Le connivenze con lo Stato Islamico, lo smacco degli S400 - il sistema di difesa antiaerea russo preferito ai missili Patriot americani e l'attacco ai curdi del nord est della Siria nonostante i «niet» statunitensi, sono precedenti su cui Washington non può sorvolare. Precedenti che rendono assai poco attraente agli occhi americani il velato impegno di Erdogan a rompere con Mosca per tornare alle vecchie alleanze. Non a caso il Consiglio Atlantico, riunitosi ieri su richiesta di Ankara, si è limitato a garantire la propria solidarietà alla Turchia e ad esprimere una formale condanna di Siria e Russia guardandosi bene al proporre forme di sostegno concrete. Anche perché l'esercito turco non sta difendendo il proprio territorio, ma combattendo su quello siriano.

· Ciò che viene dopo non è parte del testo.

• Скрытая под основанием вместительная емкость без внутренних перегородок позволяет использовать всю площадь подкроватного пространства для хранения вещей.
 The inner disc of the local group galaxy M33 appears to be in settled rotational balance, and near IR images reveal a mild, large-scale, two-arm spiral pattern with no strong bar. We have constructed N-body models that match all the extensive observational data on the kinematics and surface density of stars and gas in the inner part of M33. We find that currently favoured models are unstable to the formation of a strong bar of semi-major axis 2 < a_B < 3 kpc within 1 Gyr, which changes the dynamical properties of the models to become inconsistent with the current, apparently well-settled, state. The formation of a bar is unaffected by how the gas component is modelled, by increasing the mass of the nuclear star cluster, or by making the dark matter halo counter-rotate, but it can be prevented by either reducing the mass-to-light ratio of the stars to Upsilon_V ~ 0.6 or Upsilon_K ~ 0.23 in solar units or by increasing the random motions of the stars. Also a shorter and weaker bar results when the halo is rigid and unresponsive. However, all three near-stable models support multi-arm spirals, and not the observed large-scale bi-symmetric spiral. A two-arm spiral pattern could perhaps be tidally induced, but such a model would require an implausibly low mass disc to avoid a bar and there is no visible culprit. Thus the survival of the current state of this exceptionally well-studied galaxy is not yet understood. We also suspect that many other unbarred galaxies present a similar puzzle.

Dall'altra parte anche l'Europa ha ottime ragioni per non cedere ai ricatti. Al milione di sfollati in fuga da Idlib potrebbero aggiungersi molti dei 12mila militanti di Al Qaida e dei quasi 50mila jihadisti impegnati nei combattimenti. Permettere a Erdogan di aprire le frontiere significa far i conti con migliaia di potenziali terroristi diretti verso l'Ue. Ma significa soprattutto cedere una volta di più alle provocazioni di un Sultano pronto ad estendere la sua politica di intimidazioni e ricatti alla Libia e al Mediterraneo orientale. Arruolando, invece di disarmare, i ribelli islamisti di Idlib Erdogan ha potuto metter in piedi le milizie mandate a combattere al fianco di Tripoli contro il generale Haftar.

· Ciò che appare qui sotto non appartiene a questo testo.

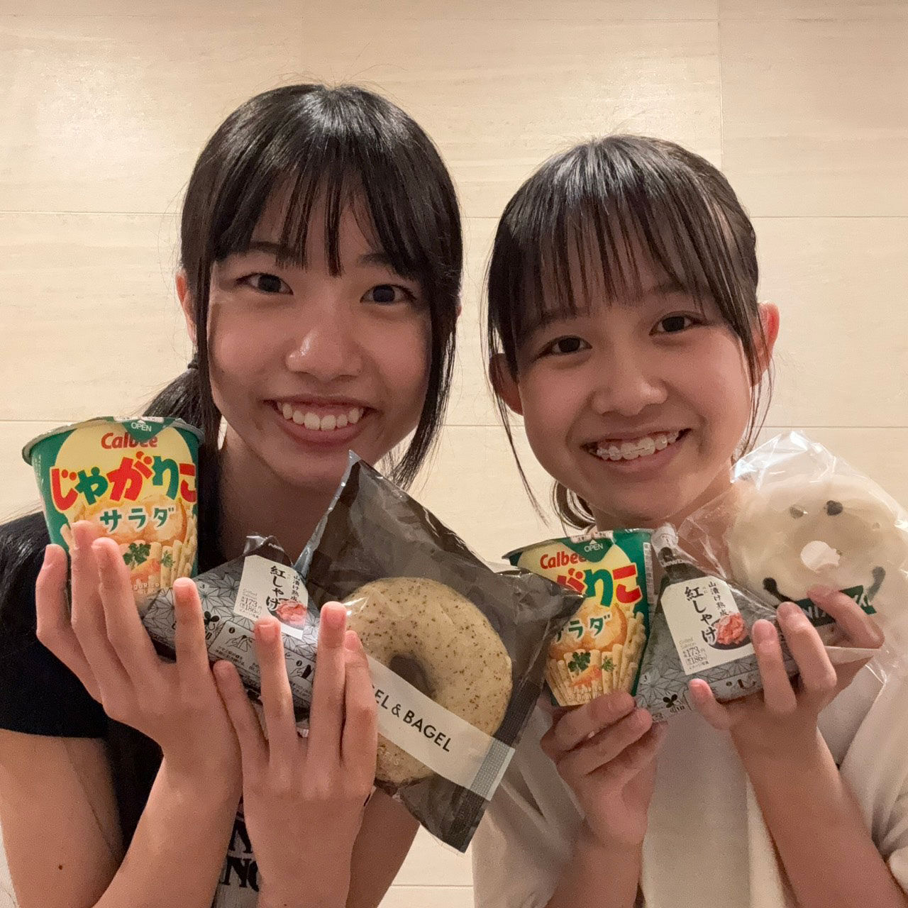 2024 年 5 月 18 日 土曜日そしてそして!!双子コーデになるゆめまの、今日は残念ながら双子コーデではありませんでしたがお昼ご飯に買っていた物が全部同じだったんです!!見た的に凄くビックリしました( ゚△°)!!じゃがりこのサラダ味(サイズも一緒!)種類は違うけどドーナツ!おにぎりの鮭味!凄くないですか!?これで洋服も同じだったら逆に怖い…笑2人でじゃがりこあげ合って仲良く食べました笑笑
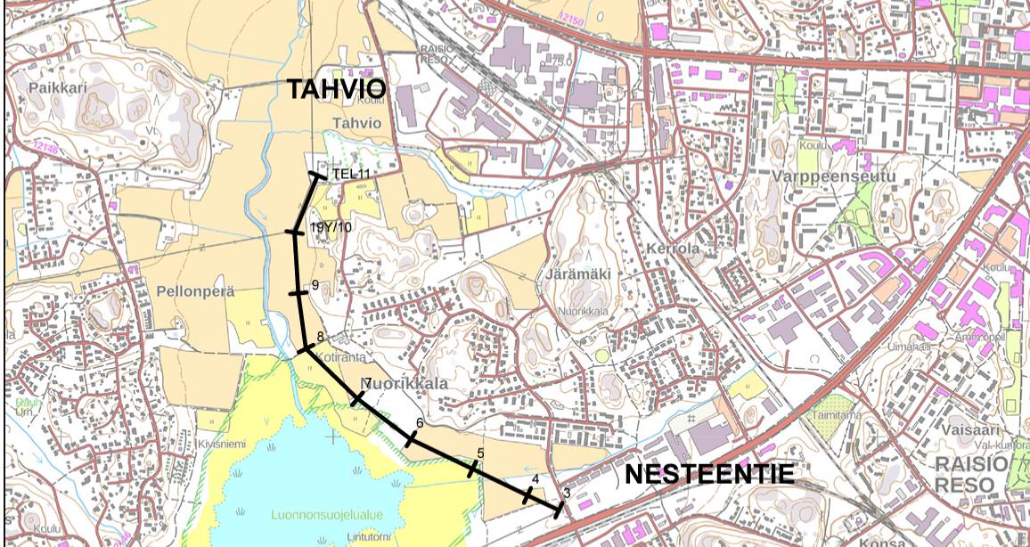 Caruna Oy omistaa Raision kaupungissa sijaitsevan Nesteentie – Tahvio 110 kV voimajohdon. Johdolle on 17. kesäkuuta 2022 haettu Maanmittauslaitokselta lupaa, jonka perusteella voimajohtoalueen vaatimat käyttöoikeudet on mahdollista perustaa kiinteän omaisuuden ja erityisten oikeuksien lunastuksesta annetussa laissa (29.7.1977/603) säädetyllä tavalla. Lunastuslupahakemusasiakirjat ovat nähtävillä 27.6.-5.8.2022 välisen ajan Raision kaupungin verkkosivuilla.
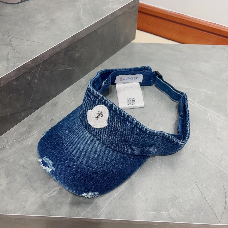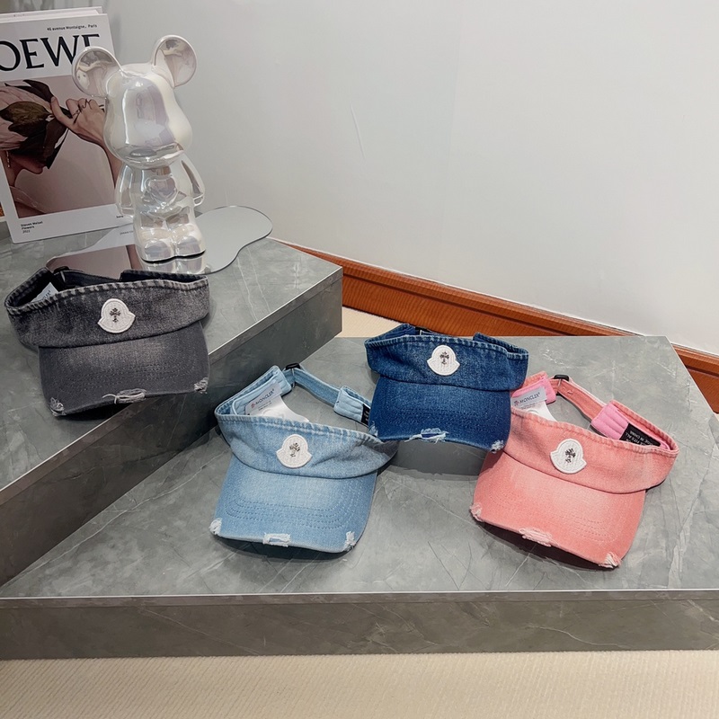 Moncler korkealaatuinen, denim pesty ja ahdistunut, yksinkertainen ontto hattu kesäksi, hengittävä ja mukava,

E in cambio di quelle milizie e di altri aiuti militari ha estorto al premier libico Al Serraj la firma del trattato marittimo che gli consente ora di rivendicare il controllo delle risorse del Mediterraneo Orientale. Una sfida aperta a Cipro e Grecia, ma anche ad un'Italia che vede ridimensionata la sua influenza in Libia e rischia di perdere cruciali risorse energetiche.